Vehicles older than three years must pass a periodic inspection at an authorised inspection centre before road tax can be renewed. If your vehicle fails the inspection, you must rectify the identified defects and pass a re-inspection before LTA will allow road tax renewal. Common failure points include worn tyres, faulty lights, excessive exhaust emissions, and structural defects.
Road Tax for Motorcycles
Motorcycles have a simpler road tax structure compared to cars. The annual road tax for a motorcycle depends on its engine capacity:
| Engine Capacity | Annual Road Tax |
|---|---|
| Up to 200 cc | $64 |
| 201 cc to 400 cc | $86 to $172 (scaled) |
| Above 400 cc | $172 to $340+ (scaled) |
Motorcycle road tax is substantially cheaper than car road tax, reflecting the smaller road footprint and lower infrastructure demands of two-wheeled vehicles.
Road Tax for Commercial Vehicles
Goods vehicles, buses, and other commercial vehicles have a different road tax structure based on their laden weight rather than engine capacity. Lighter commercial vehicles pay less, while heavier trucks and buses pay progressively more. Commercial vehicle operators should refer to the LTA schedule for exact rates, which are updated periodically.
Frequently Asked Questions
Can I get a refund if I deregister my car before the road tax expires?Yes. When you deregister a vehicle, LTA will refund the unused portion of prepaid road tax on a pro-rated basis, calculated by the number of complete months remaining. The refund is included in the overall deregistration rebate settlement. Use our PARF Rebate Calculator to estimate your total rebates.
What happens if I drive with expired road tax?Driving with expired road tax is an offence under the Road Traffic Act. You may be fined up to $2,000 for a first offence, and the vehicle may be seized by the authorities. Additionally, your motor insurance may be invalidated if you are involved in an accident while driving without valid road tax, leaving you personally liable for any damages.
Is road tax the same for hybrid vehicles?Hybrid vehicles are taxed based on their internal combustion engine capacity, not the combined output of the engine and electric motor. This means a 1,500 cc hybrid pays the same base road tax as a 1,500 cc petrol car. However, hybrids may qualify for specific green vehicle rebates that reduce the effective road tax amount.

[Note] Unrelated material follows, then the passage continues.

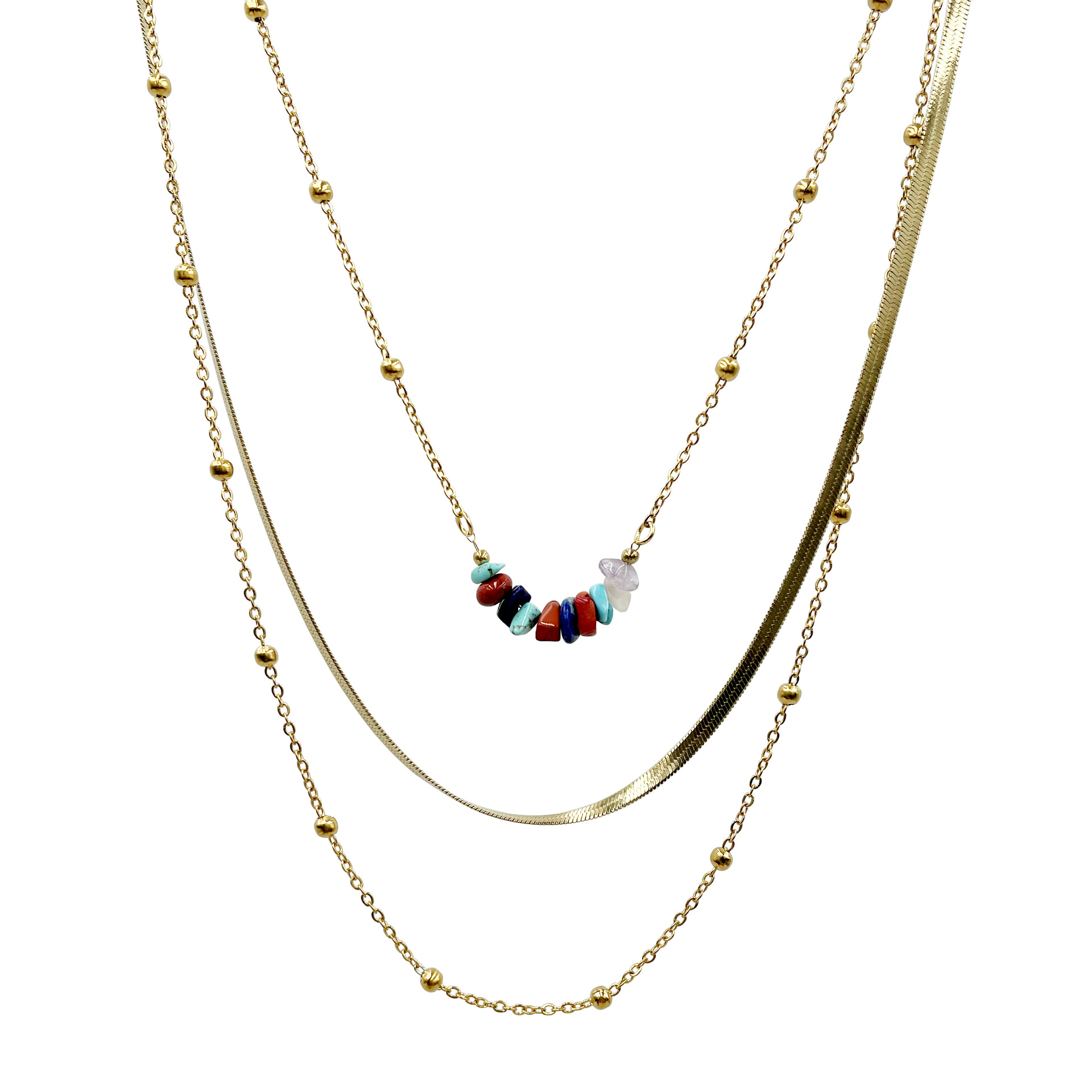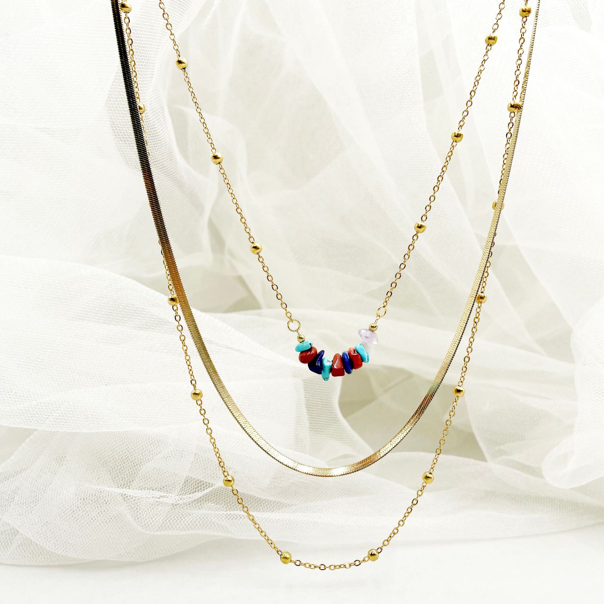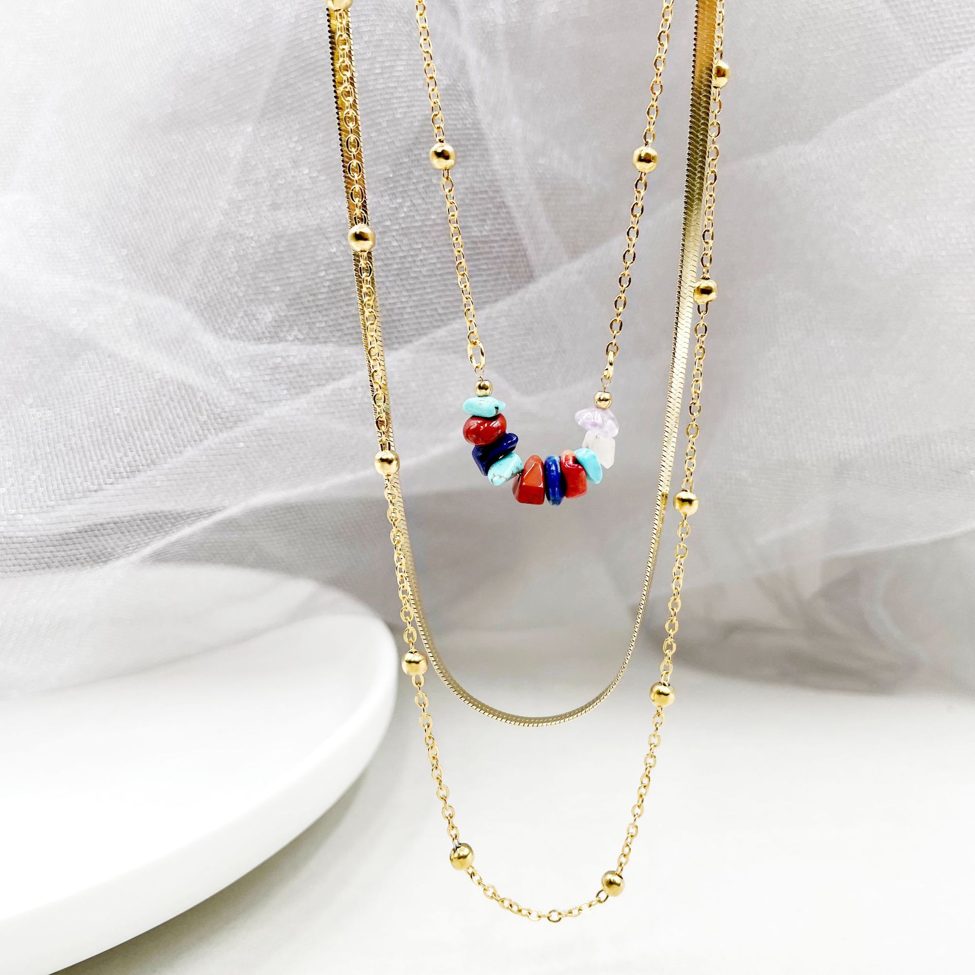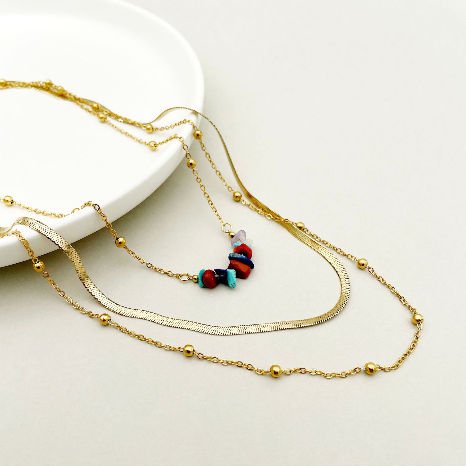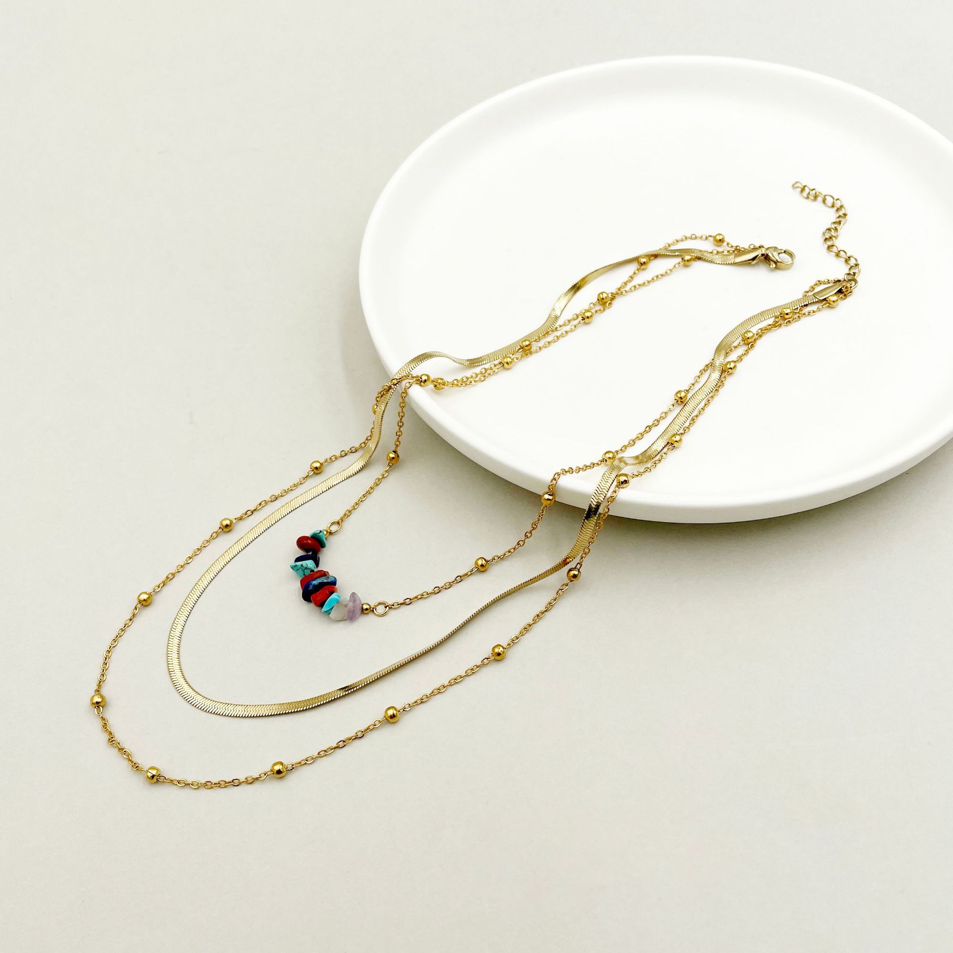 18K Gold Plated Stainless Steel pendant Necklace Titanium pendant necklace for women Bohemia style necklace multi layered shaped pendant necklace summer necklace

Why is Singapore road tax so much higher for larger engines?The progressive road tax structure is a deliberate policy tool. Larger engines generally consume more fuel, produce more emissions, and are associated with larger vehicles that occupy more road space. By making road tax progressively more expensive for larger engines, the government discourages ownership of big-engined vehicles and nudges buyers toward smaller, more efficient options. This supports Singapore's broader goals of reducing carbon emissions and managing road congestion.
How does road tax compare as a fraction of total car ownership cost?For a typical Category A car, road tax represents roughly 5% to 8% of the total annual cost of ownership, which includes depreciation, insurance, fuel, parking, and maintenance. While it is not the largest component, road tax is a predictable and unavoidable cost that should be factored into any ownership budget. Use our Total Cost of Ownership Calculator to see how road tax fits into the full cost picture.